[Start of Attachment]

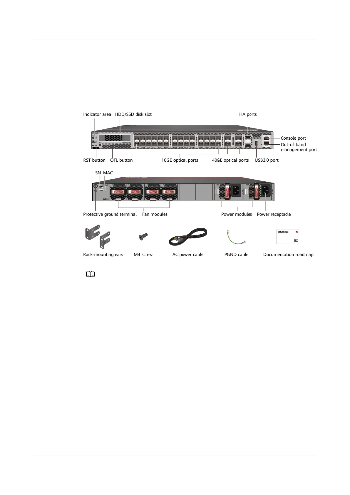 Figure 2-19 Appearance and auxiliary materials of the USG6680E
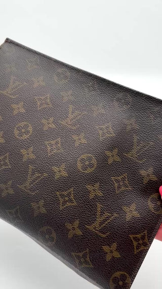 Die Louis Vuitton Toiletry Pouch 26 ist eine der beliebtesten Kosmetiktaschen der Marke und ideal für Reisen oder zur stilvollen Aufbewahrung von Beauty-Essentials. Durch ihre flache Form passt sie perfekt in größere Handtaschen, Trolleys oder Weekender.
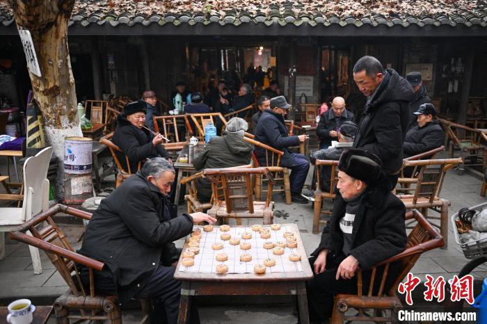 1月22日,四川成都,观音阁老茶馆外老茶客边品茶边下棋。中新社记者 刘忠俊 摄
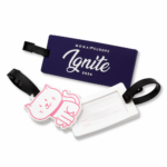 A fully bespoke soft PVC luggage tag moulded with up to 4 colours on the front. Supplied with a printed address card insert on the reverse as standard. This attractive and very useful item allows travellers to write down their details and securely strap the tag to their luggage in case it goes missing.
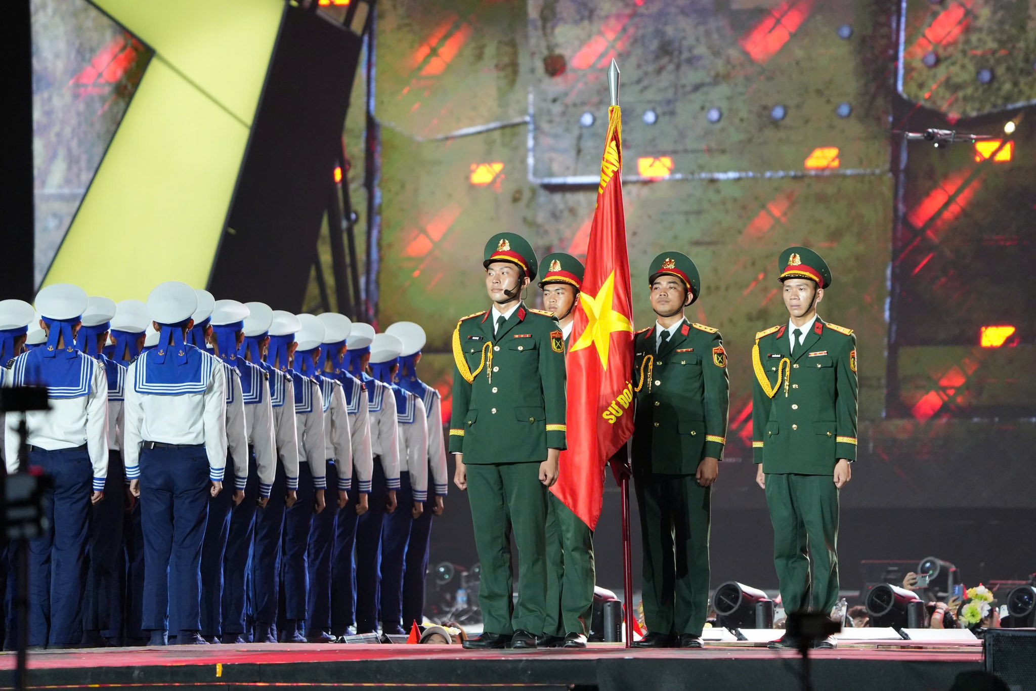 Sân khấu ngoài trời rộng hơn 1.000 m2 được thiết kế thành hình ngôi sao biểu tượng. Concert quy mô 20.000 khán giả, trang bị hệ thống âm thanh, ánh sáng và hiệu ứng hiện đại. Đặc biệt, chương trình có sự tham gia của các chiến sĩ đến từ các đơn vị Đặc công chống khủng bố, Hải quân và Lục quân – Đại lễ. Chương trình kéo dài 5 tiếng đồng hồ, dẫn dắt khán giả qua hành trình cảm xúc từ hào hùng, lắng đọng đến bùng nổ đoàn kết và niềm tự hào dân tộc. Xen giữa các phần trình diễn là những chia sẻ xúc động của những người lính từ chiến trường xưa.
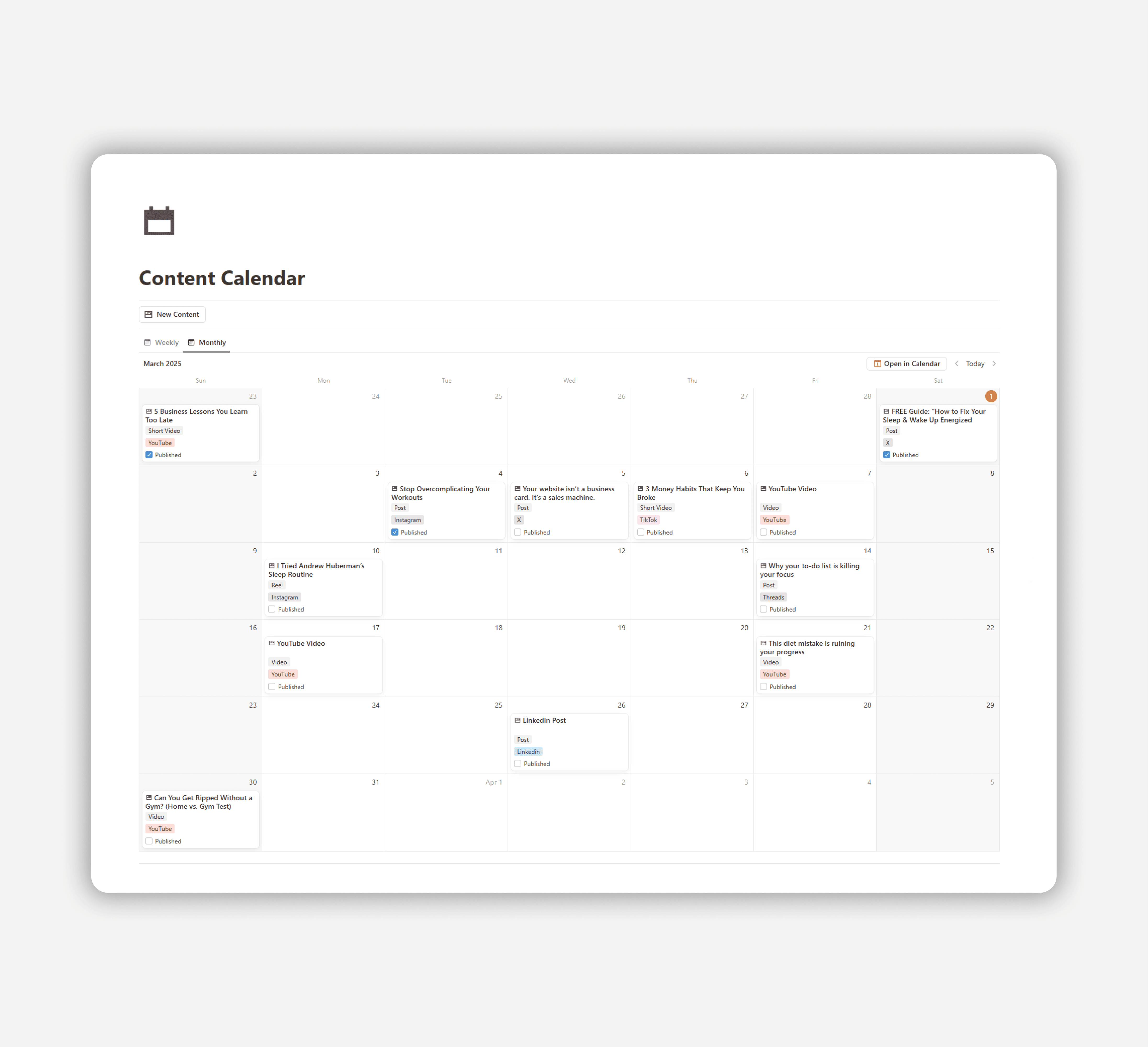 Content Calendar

[End of Attachment]

Task directions:
Hand back exactly the lines from the one with "Sân khấu ngoài" through the last line of the data above, both ends included, with every picture left out.

Response area:
 Sân khấu ngoài trời rộng hơn 1.000 m2 được thiết kế thành hình ngôi sao biểu tượng. Concert quy mô 20.000 khán giả, trang bị hệ thống âm thanh, ánh sáng và hiệu ứng hiện đại. Đặc biệt, chương trình có sự tham gia của các chiến sĩ đến từ các đơn vị Đặc công chống khủng bố, Hải quân và Lục quân – Đại lễ. Chương trình kéo dài 5 tiếng đồng hồ, dẫn dắt khán giả qua hành trình cảm xúc từ hào hùng, lắng đọng đến bùng nổ đoàn kết và niềm tự hào dân tộc. Xen giữa các phần trình diễn là những chia sẻ xúc động của những người lính từ chiến trường xưa.
 Content Calendar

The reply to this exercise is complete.